____ Data shown

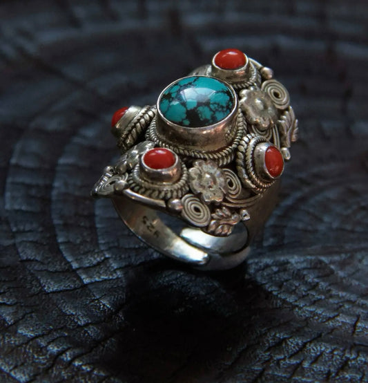 Tibetan Turquoise & Coral Adjustable 925 Sterling Silver Ring
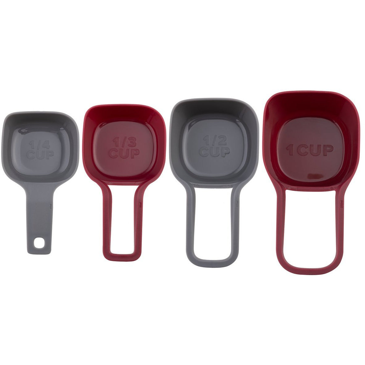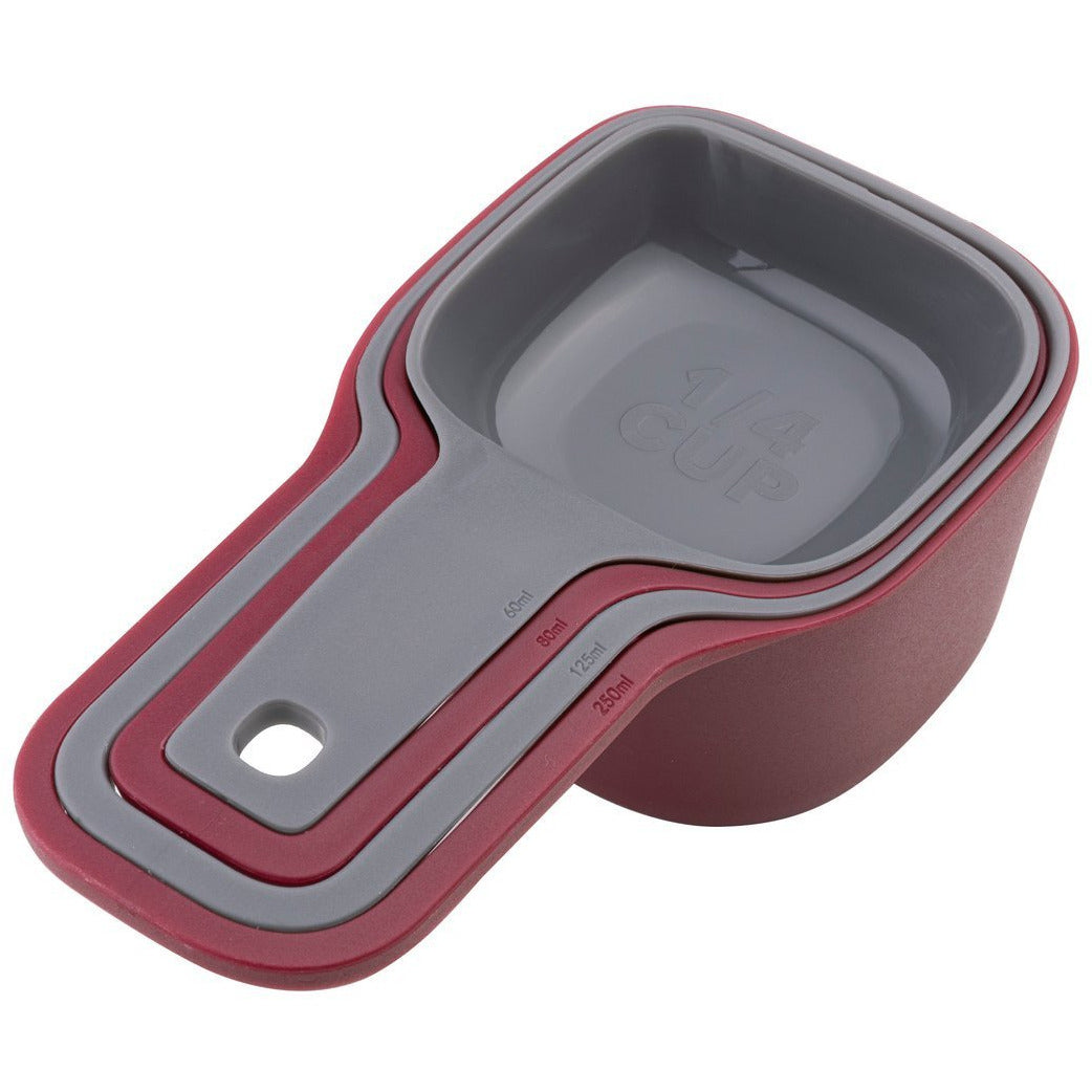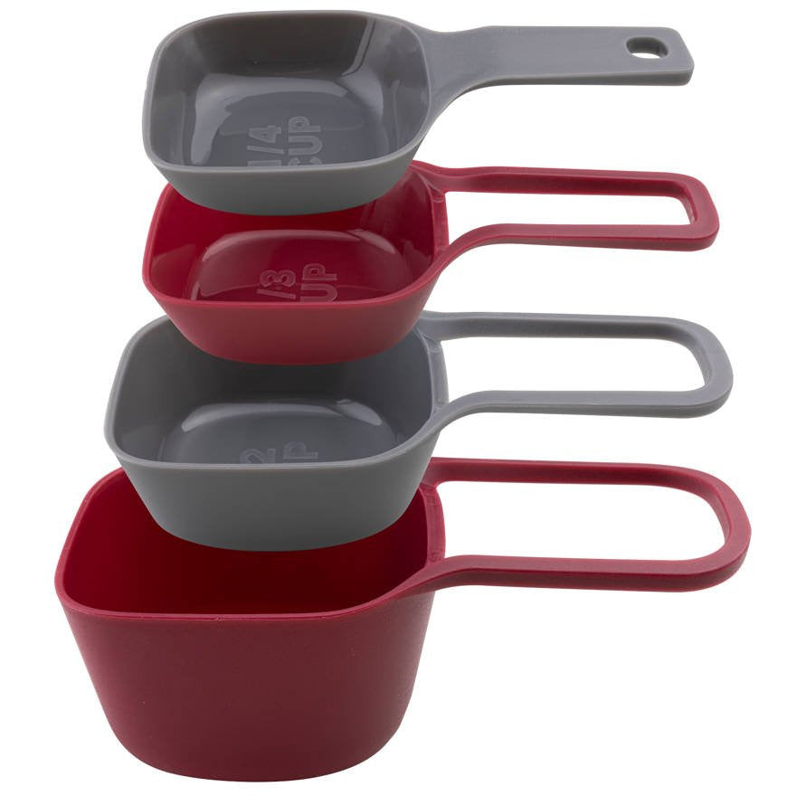 Je ontvangt 4 maatcupjes. De cups zijn namelijk in verschillende afmetingen uitgevoerd en passen perfect in elkaar. Zo ervaar je nooit het probleem dat je maatlepels los in je kast zwerven of dat je een bepaalde afmeting cup kwijt bent. Je pakt één cup en je hebt er tegelijkertijd vier. Na het gebruik maak je ze schoon en klik je ze gewoon weer in elkaar van groot naar klein. Deze maatcups zijn daarom zeer gemakkelijk in gebruik. Bovendien mogen ze gezien worden. Er zijn namelijk twee maatcups in rode kleur en twee maatcups in een mooie grijze kleur. De vorm is vierkant met afgeronde hoeken en de gehele set aan maatlepels heeft door de vormgeving en de kleur een retro uitstraling van de jaren 50. Super trendy!
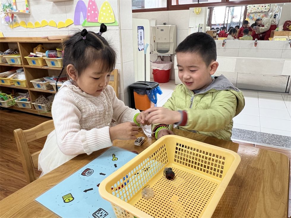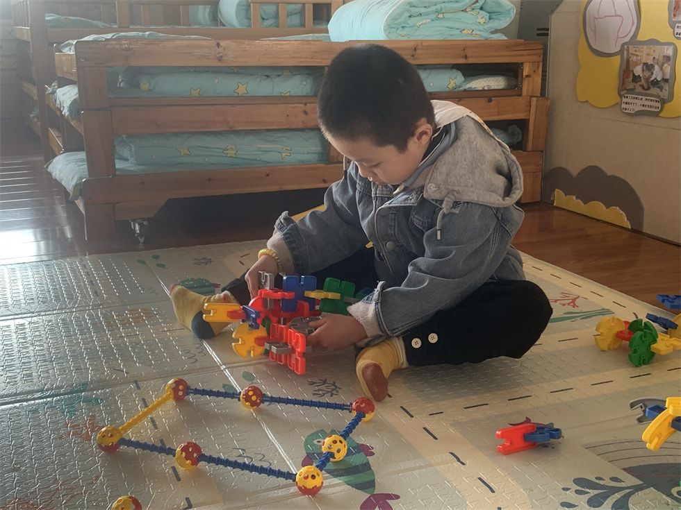 建构区几个认真拼插玩具的小家伙正在搭建自己的工程。鹏鹏用积塑材料拼插了一架飞机;另一边,祥溪和程程正在搭起一座立交桥,上面还有小汽车呢,滴滴滴开向了远方。

________

## Prompt
Your task is to restate word for word the lines from the one containing "Je ontvangt 4" through the last line of the data, both ends included, with no pictures.

## Result below
 Je ontvangt 4 maatcupjes. De cups zijn namelijk in verschillende afmetingen uitgevoerd en passen perfect in elkaar. Zo ervaar je nooit het probleem dat je maatlepels los in je kast zwerven of dat je een bepaalde afmeting cup kwijt bent. Je pakt één cup en je hebt er tegelijkertijd vier. Na het gebruik maak je ze schoon en klik je ze gewoon weer in elkaar van groot naar klein. Deze maatcups zijn daarom zeer gemakkelijk in gebruik. Bovendien mogen ze gezien worden. Er zijn namelijk twee maatcups in rode kleur en twee maatcups in een mooie grijze kleur. De vorm is vierkant met afgeronde hoeken en de gehele set aan maatlepels heeft door de vormgeving en de kleur een retro uitstraling van de jaren 50. Super trendy!
 建构区几个认真拼插玩具的小家伙正在搭建自己的工程。鹏鹏用积塑材料拼插了一架飞机;另一边,祥溪和程程正在搭起一座立交桥,上面还有小汽车呢,滴滴滴开向了远方。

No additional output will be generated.